I find it strange that I never really had a blog. I have been addicted to the internet since the web was unleashed on Prodigy in 1994. I spent years living with active bloggers and going to iron blogger parties they threw. I’ve run my own could host for ages. All that should matter, but until now I’ve not had much that I needed to explain that couldn’t be expressed in code and through direct communication.

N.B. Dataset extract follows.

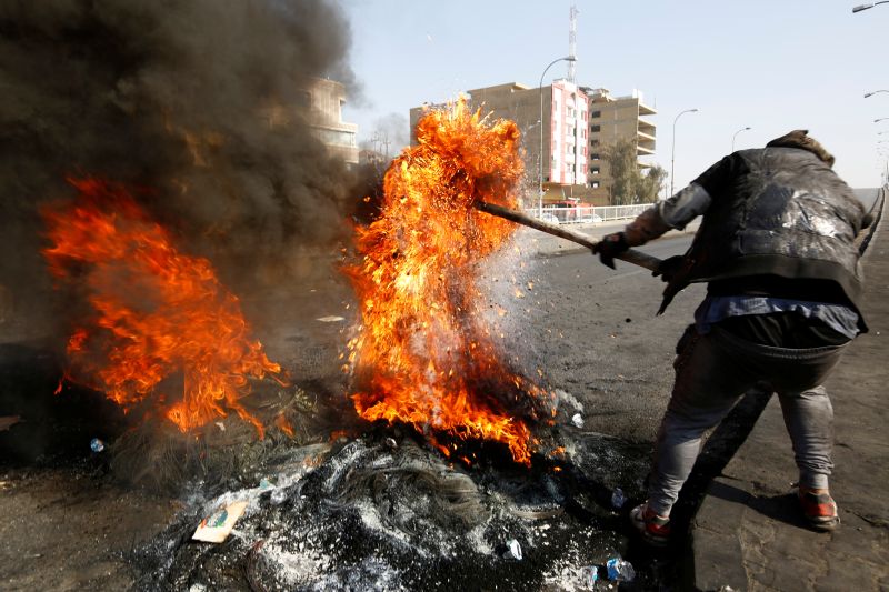 An Iraqi demonstrator burns tires to block a road during ongoing anti-government protests in Najaf, Iraq February 5, 2020. REUTERS/Alaa al-Marjani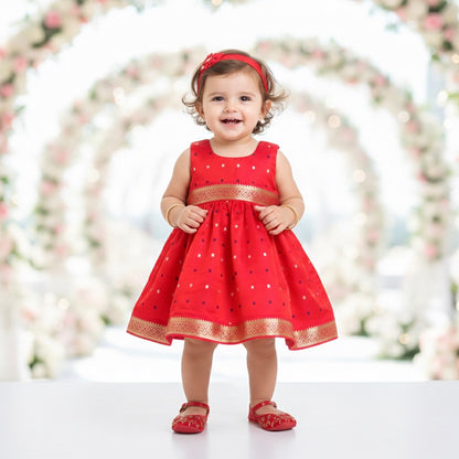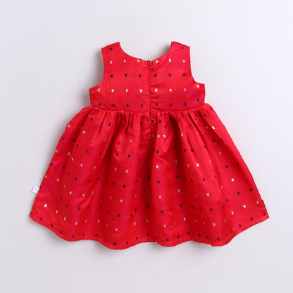 Many Frocks & sleeveless woven boti double lace embellished ethnic dress- pink

This is changing. Today I live in England as a PhD student, and a big part of why I am here is that I want to focus on writing. I am also beginning to work on larger projects, and as these start to become more diffuse I find I am spending lots of time explaining ideas by text and email. Sometimes this format is the right way to share a small, clean idea. With enough care, a string of posts can become a paper or a book. I’d like to work in the open as much as possible. As time allows, I’ll try to do that here.

What will I write about? Eventually, everything! But first, I have interests in science, art, and communication which writing can help focus and I hope to explore here. More importantly, there are a pile of ideas that I want to unpack from the last half decade of effort. I’ve worked on applying Bayesian filters to detecting and genotyping genomic variation (known as variant calling). I’m also proud to have been part of the just-completed 1000 Genomes Project. I committed the last year to developing technology that uses the results of that project as a reference system in further analysis: variation graphs. With these we feed our knowledge of genomic variation back into the thing we align new reads to, which stands to make a huge array of problems in observing DNA vanish. More on that soon!